| WHAT YOU WILL DO |
These records contain pictures, which must be left out; copy exactly the lines from the one with "Figure III of" up to and including the one with "Eastern Worm Snake".

| RECORDS SUPPLIED |
════════

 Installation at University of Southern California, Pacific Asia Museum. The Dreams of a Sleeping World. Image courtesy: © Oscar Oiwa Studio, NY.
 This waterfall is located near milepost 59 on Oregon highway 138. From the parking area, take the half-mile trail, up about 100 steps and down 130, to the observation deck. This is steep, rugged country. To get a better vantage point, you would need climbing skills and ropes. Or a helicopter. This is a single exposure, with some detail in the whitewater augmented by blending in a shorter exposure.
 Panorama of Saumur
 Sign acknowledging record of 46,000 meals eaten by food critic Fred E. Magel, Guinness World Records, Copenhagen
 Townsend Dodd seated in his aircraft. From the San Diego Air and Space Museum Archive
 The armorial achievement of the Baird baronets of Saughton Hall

════════

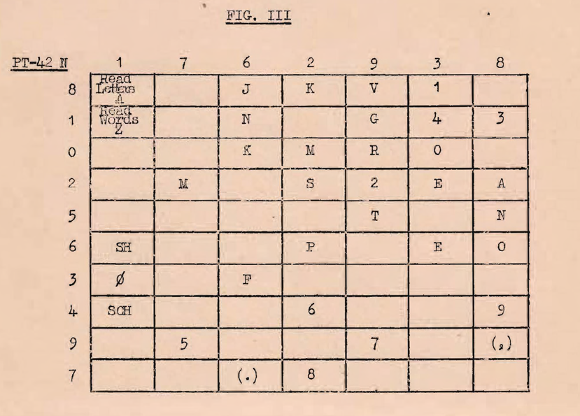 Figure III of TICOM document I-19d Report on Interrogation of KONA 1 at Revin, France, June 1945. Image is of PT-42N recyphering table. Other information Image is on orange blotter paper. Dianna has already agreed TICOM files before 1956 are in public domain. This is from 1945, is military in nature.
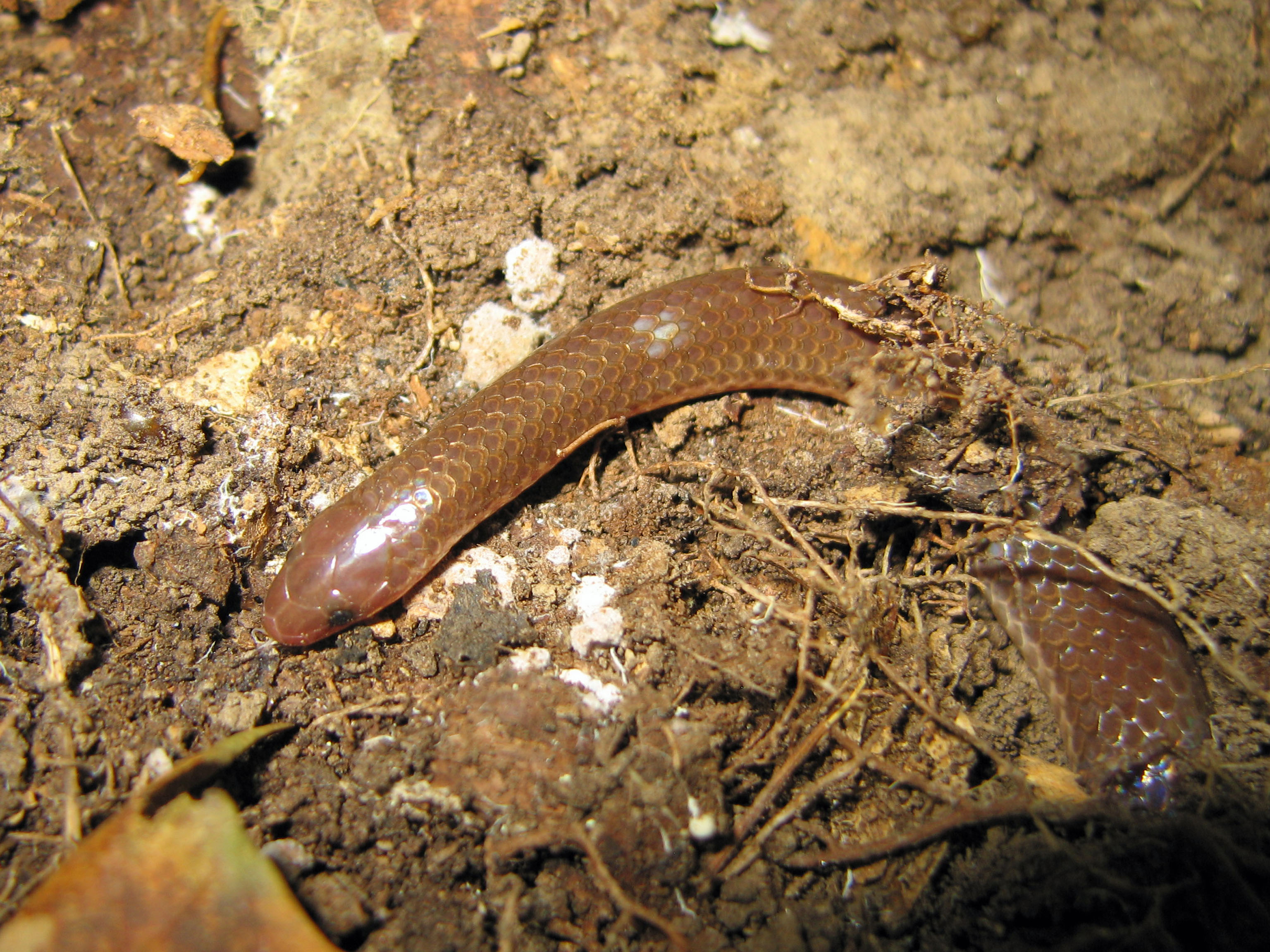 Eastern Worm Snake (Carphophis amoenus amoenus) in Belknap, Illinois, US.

════════

| WRITTEN REPLY |
 Figure III of TICOM document I-19d Report on Interrogation of KONA 1 at Revin, France, June 1945. Image is of PT-42N recyphering table. Other information Image is on orange blotter paper. Dianna has already agreed TICOM files before 1956 are in public domain. This is from 1945, is military in nature.
 Eastern Worm Snake (Carphophis amoenus amoenus) in Belknap, Illinois, US.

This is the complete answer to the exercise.